WHAT THE TASK ASKS
The lines from the one containing "2019年,維科家紡主動出擊" through the last one in the data: please copy those exactly, and only those, without the pictures.

INPUT DATA
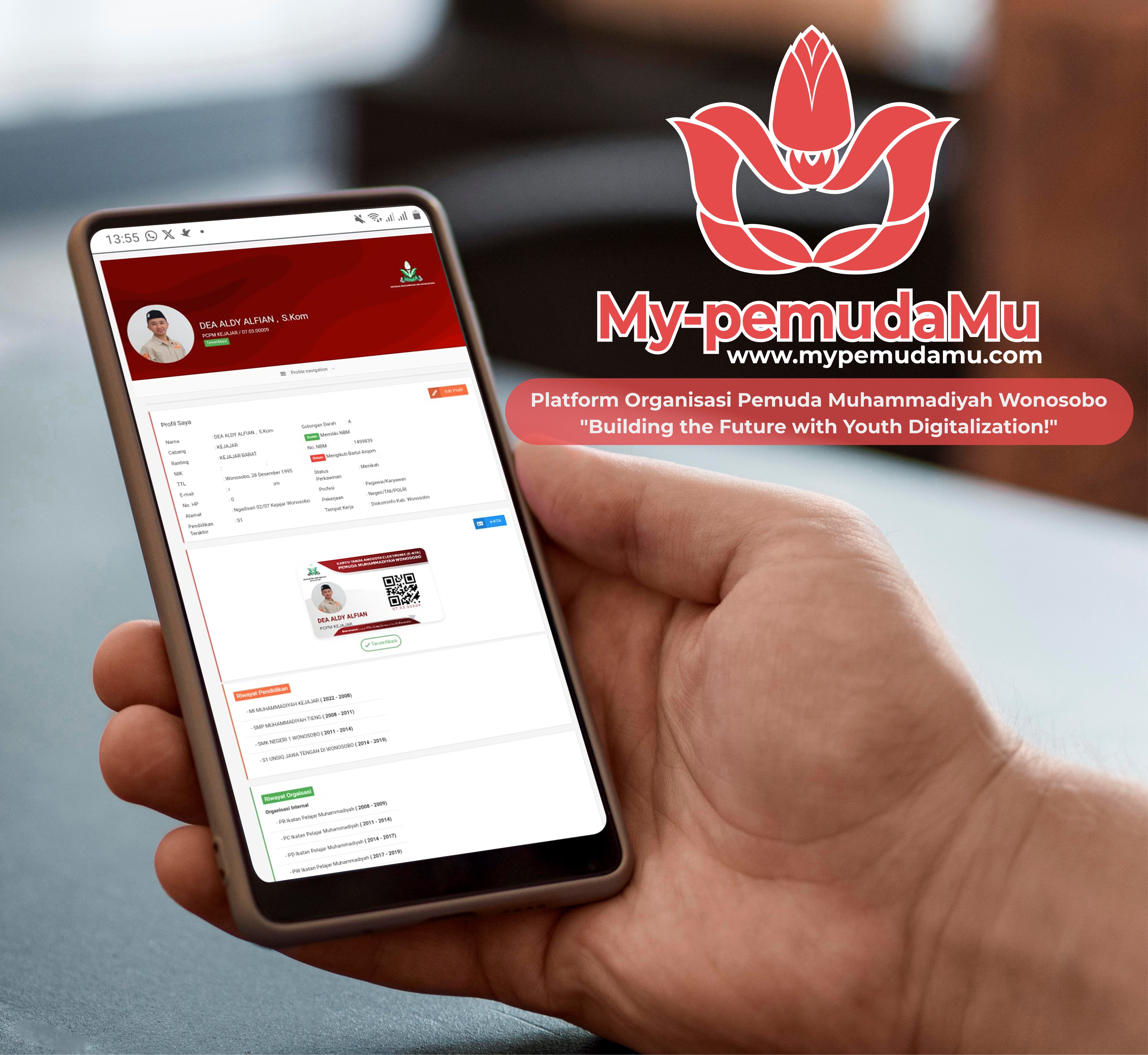 My-pemudaMu adalah platform digital resmi yang dikembangkan oleh Pemuda Muhammadiyah Wonosobo untuk memfasilitasi pendataan anggota, pengelolaan kegiatan, dan administrasi organisasi dari tingkat ranting hingga daerah. Aplikasi ini bertujuan untuk memanfaatkan teknologi Big Data dalam rangka meningkatkan efisiensi dan transparansi organisasi.
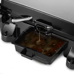На панели нанесено антипригарное покрытие, что позволит вам готовить с минимальным количеством масла. Такое покрытие также облегчит процесс чистки панелей. Панели электрогриля съёмные, что упрощает уход за прибором.
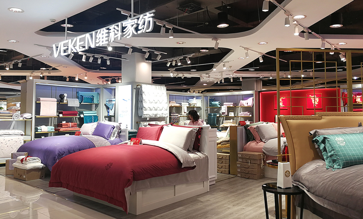 2019年,維科家紡主動出擊,借助商場年度調整之際,同時入駐三個商場,完成舟山核心商業版塊的布局。維科家紡專柜總營業面積近300平米,采用2019版最新店鋪形象,主打現代輕奢風格,代表時下家紡行業的裝修潮流。憑借維科家紡豐富的產品線和專業的營銷體驗,勢必可以喚醒舟山消費者對維科家紡最美好的記憶。
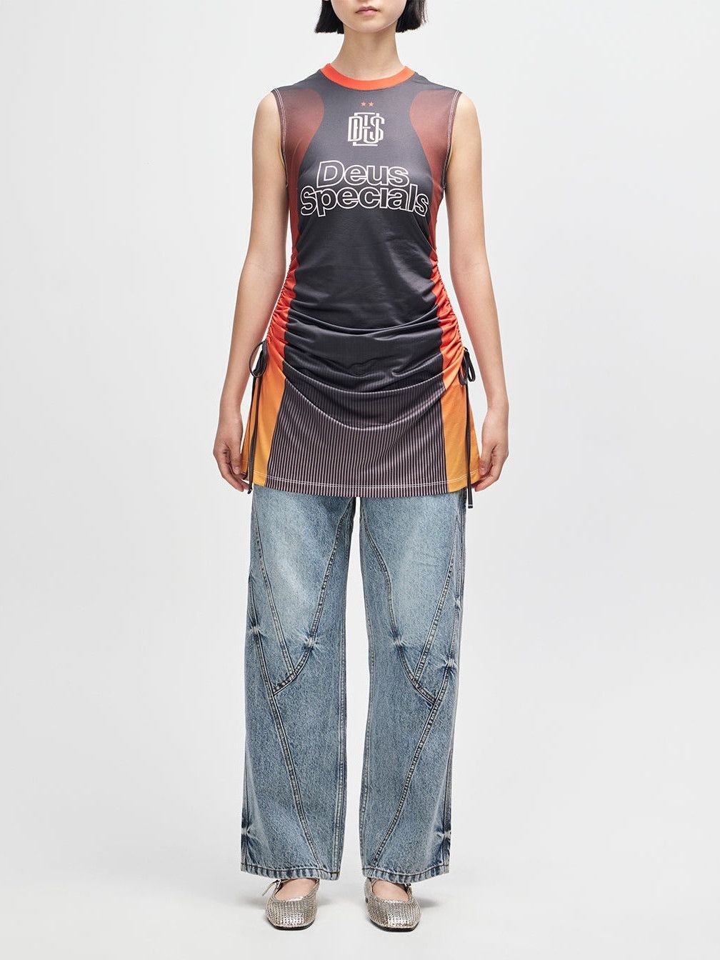 - Het model is 1.76m lang en draagt maat XS

EXERCISE RESULT
 2019年,維科家紡主動出擊,借助商場年度調整之際,同時入駐三個商場,完成舟山核心商業版塊的布局。維科家紡專柜總營業面積近300平米,采用2019版最新店鋪形象,主打現代輕奢風格,代表時下家紡行業的裝修潮流。憑借維科家紡豐富的產品線和專業的營銷體驗,勢必可以喚醒舟山消費者對維科家紡最美好的記憶。
 - Het model is 1.76m lang en draagt maat XS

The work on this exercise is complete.